А что же свобода зрителя? <…> … люди театра внушали зрителю, что он всегда не прав, что его вкусы неправильные и его желания тоже. В театре вам не должно быть хорошо, удобно, комфортно, а должно быть тяжело скучно, страшно, а иногда и небезопасно, даже если вы не хотите — надо»[15].
— Автор этого высказывания говорит о театре драматическом. Но в музыкальном еще страшнее. Это режоперное «надо» — «оружие массового уничтожения» не только свободы зрителя, но и существования жанра. Там же музыка на кострах пылает.
— Кстати, любопытно, что автор книги о «театре возвышенного», завершая свой анализ, в чем-то вторит тем, кто с ней не согласен. Она утверждает, что ситуация меняется, и приходит конец «возвышенной эпохи» театра Кушея.
«Если раньше его спектакли оскорбляли публику безошибочностью и бестактностью попадания в болевые точки, то сейчас — небрежением к этой самой публике; и от бесконечного чтения этого словаря понятливый зритель оскорбится — теперь уже оттого, что в его понятливости усомнились; непонятливый же прикроет ладонью зевок и отведет глаза»[16].
И, может быть, не случайно разговоры о постмодерне как-то все больше сменяются обсуждением идеи нового модерна или сверхмодерна. Похоже, возникает осознание того, что любой человек в чем-то Орфей, и он не может долго жить безголосым…

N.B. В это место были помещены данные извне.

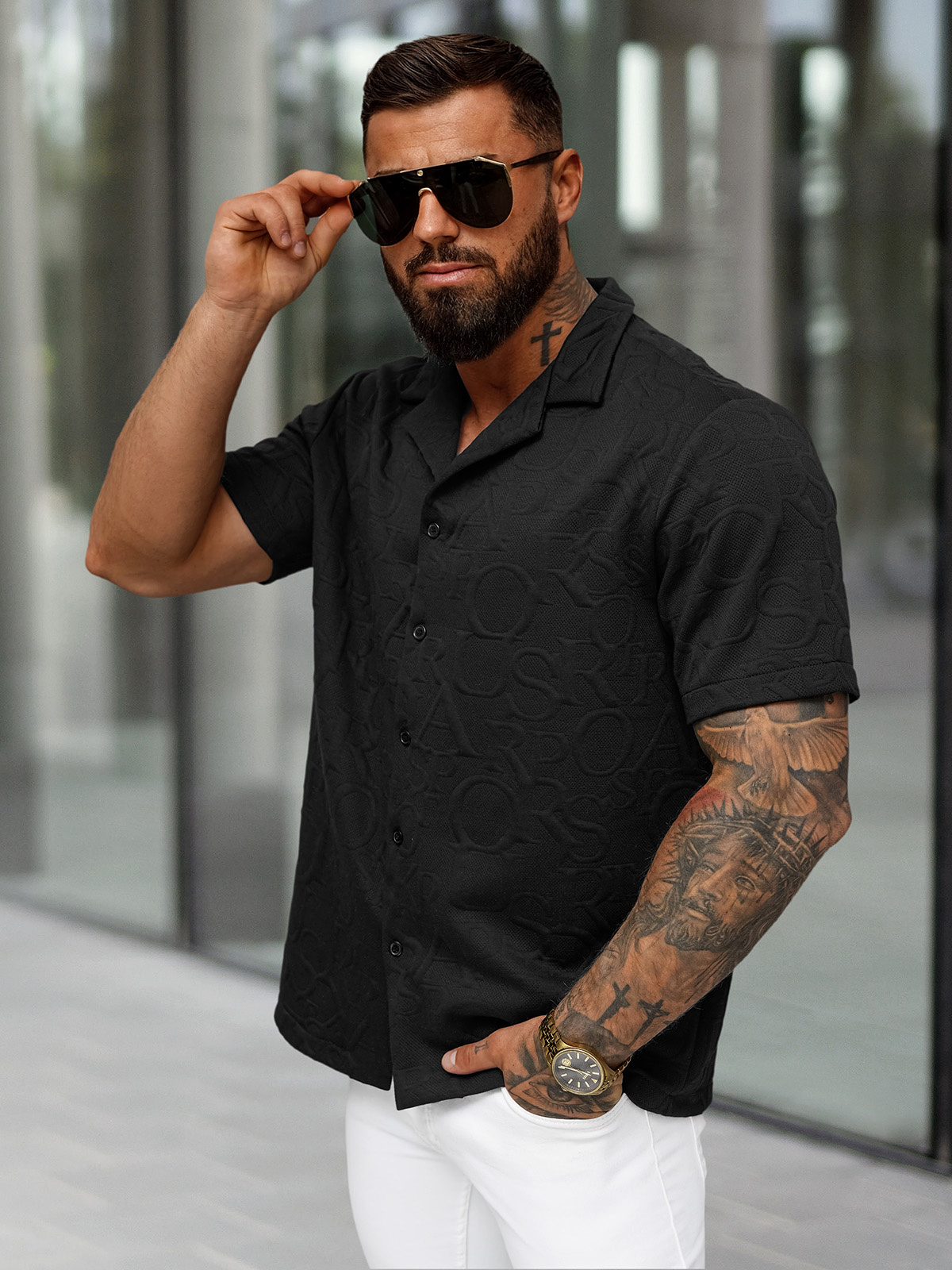 Pánska Košeľa s Krátkym Rukávom Čierna OZONEE O/B2256
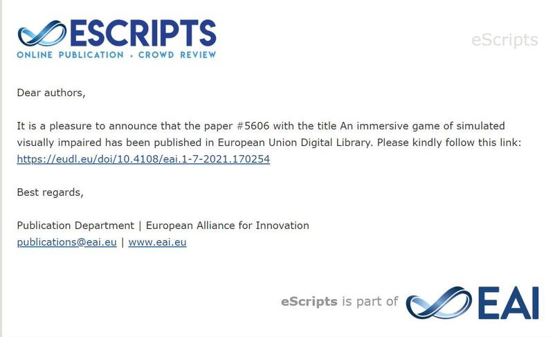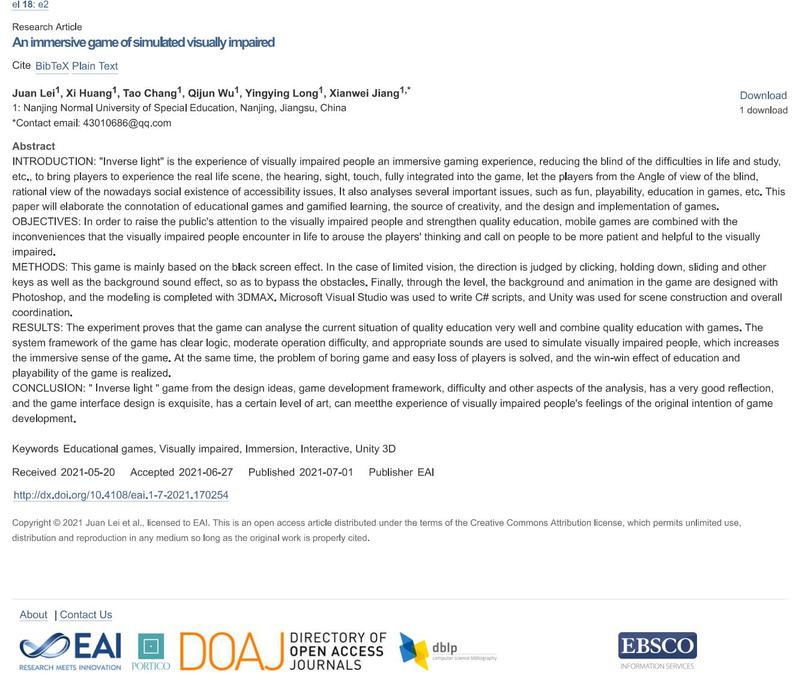 bw必威西汉姆联官方网站1902班雷娟、黄袭、常涛、龙莹莹、吴其俊等同学,结合学科专业,关爱特殊人群,基于Unity3D平台开发了一款沉浸式体验游戏《逆光》,并撰写论文“An immersive game of simulated visually impaired”发表于欧洲学术期刊EAI Endorsed Transactions on e-Learning。
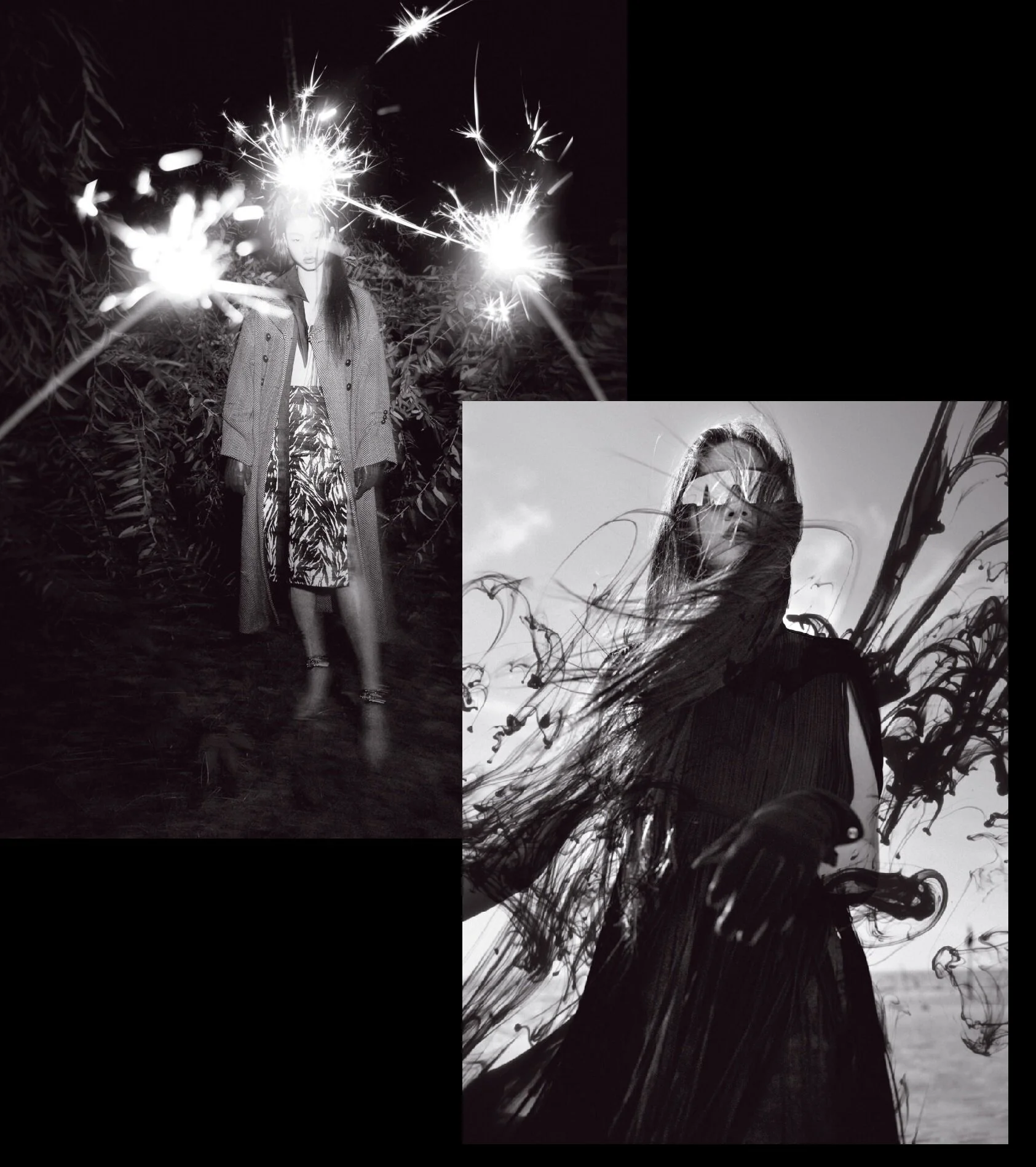 Models Yoon Young Bae and Hyunji Shin are styled by Yejin Lee in ‘Surreal Noir’, lensed by Hyea W. Kang for W Korea December 2020.

— Как хочется кончить главу на этой обнадеживающей ноте. Но не окажется ли она фальшивой?
«Культурный апокалипсис» шагает по земле семимильными агами. «Шаги командора» слышны все громче и громче…»[17]
— Так что же? Полный перформанс? «Завтра сожгу тебя»?
— Это кровожадное «Завтра» пока не настало. Ситуация угрожающая, но не безнадежная. Разбушевавшаяся «неопера», мечтающая о безоговорочной капитуляции оперы ее не добьется. Не должна добиться. Надежда на это — самый позитивный вывод из всего, чем можно себе позволить завершить эту главу.
* * *
Глава 17
«Жизнь расстилает плед…»
Миг отмеряет срок.
Даль отворяет дверь.
И миражи растаявших ненастий
Сулят мне явь нетающего счастья.
Луч раздвигает ночь.
Жизнь расстилает плед.
И, зажигая звезды, словно свечи,
Напев любви слетает мне на плечи…[18]
Рано или поздно всякое путешествие по дорогам прошлого выводит нас на порог сегодняшнего дня.
Ни одна мемуарная книга не сочтет и не перескажет все завитки и узоры прошедшего. И в предрассветных сумерках памяти, озаренной светом настоящего, пришло время финальной коды этой книги-ноктюрна.
— Юрий Георгиевич, отдалимся от хронологии и вернемся к началу. Расскажите, как и почему появился ваш псевдоним?
— Эта история, на мой взгляд, может оказаться в чем-то поучительной. Не в отношении творчества, а просто по-житейски.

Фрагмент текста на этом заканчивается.